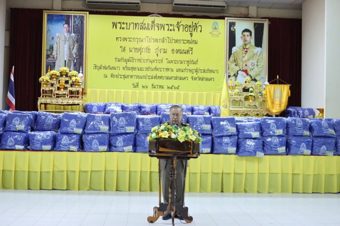 ต่อจากนั้น เวลา 12.40 น. น. พระบาทสมเด็จพระเจ้าอยู่หัว ทรงพระกรุณาโปรดเกล้าโปรดกระหม่อมให้นายศุภชัย ภู่งาม องคมนตรี ร่วมกับมูลนิธิราชประชานุเคราะห์ ในพระบรมราชูปถัมภ์ เชิญผ้าห่มกันหนาว จำนวน 3,000 ผืน และชุดยาสามัญประจำบ้านพระราชทาน ไปมอบแก่ราษฎรที่ประสบภัยหนาวในพื้นที่จังหวัดสกลนคร เพื่อช่วยบรรเทาความเดือดร้อนในเบื้องต้น โดยมอบแก่ผู้ว่าราชการจังหวัด และนายอำเภอ 4 อำเภอ ประกอบด้วย นายอำเภอเมืองสกลนคร นายอำเภอพรรณนานิคม นายอำเภอโคกศรีสุพรรณ นายอำเภอโพนนาแก้ว และนายอำเภอเต่างอย ซึ่งเป็นตัวแทนราษฎรเพื่อเชิญไปมอบแก่ราษฎรในแต่ละพื้นที่ต่อไป และมอบแก่ราษฎรในพื้นที่อำเภอเมืองสกลนคร ณ หอประชุมเทศบาลนครสกลนคร อำเภอเมืองสกลนคร จังหวัดสกลนคร
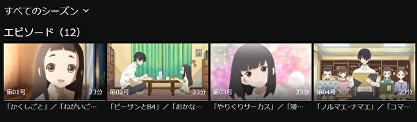 U-NEXTなら、アニメ「かくしごと」の動画を1話から全12話まで全話視聴できます。
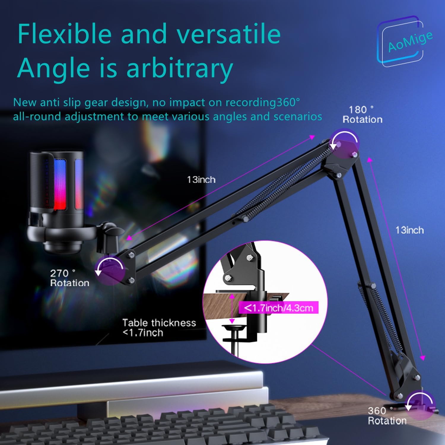 - Boom flexible del brazo: la pluma de metal fácil de colocar se ajusta para soportar una variedad de configuraciones, y puedes tirar rápidamente del micrófono de podcast a tu boca cuando estés en uso, o doblarlo para ahorrar más espacio.
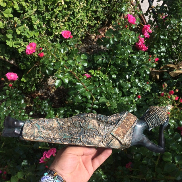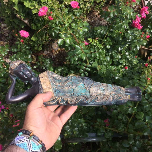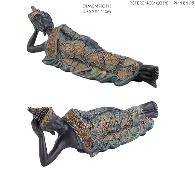 Bouddha couché/ allongé de taille 36x9x11cm. Habillage en textiles et liège, superbe pièce !

- _EXERCISE INSTRUCTIONS_: Output all the data, exactly, without images.

- _OUTPUT_:
 ต่อจากนั้น เวลา 12.40 น. น. พระบาทสมเด็จพระเจ้าอยู่หัว ทรงพระกรุณาโปรดเกล้าโปรดกระหม่อมให้นายศุภชัย ภู่งาม องคมนตรี ร่วมกับมูลนิธิราชประชานุเคราะห์ ในพระบรมราชูปถัมภ์ เชิญผ้าห่มกันหนาว จำนวน 3,000 ผืน และชุดยาสามัญประจำบ้านพระราชทาน ไปมอบแก่ราษฎรที่ประสบภัยหนาวในพื้นที่จังหวัดสกลนคร เพื่อช่วยบรรเทาความเดือดร้อนในเบื้องต้น โดยมอบแก่ผู้ว่าราชการจังหวัด และนายอำเภอ 4 อำเภอ ประกอบด้วย นายอำเภอเมืองสกลนคร นายอำเภอพรรณนานิคม นายอำเภอโคกศรีสุพรรณ นายอำเภอโพนนาแก้ว และนายอำเภอเต่างอย ซึ่งเป็นตัวแทนราษฎรเพื่อเชิญไปมอบแก่ราษฎรในแต่ละพื้นที่ต่อไป และมอบแก่ราษฎรในพื้นที่อำเภอเมืองสกลนคร ณ หอประชุมเทศบาลนครสกลนคร อำเภอเมืองสกลนคร จังหวัดสกลนคร
 U-NEXTなら、アニメ「かくしごと」の動画を1話から全12話まで全話視聴できます。
 - Boom flexible del brazo: la pluma de metal fácil de colocar se ajusta para soportar una variedad de configuraciones, y puedes tirar rápidamente del micrófono de podcast a tu boca cuando estés en uso, o doblarlo para ahorrar más espacio.
 Bouddha couché/ allongé de taille 36x9x11cm. Habillage en textiles et liège, superbe pièce !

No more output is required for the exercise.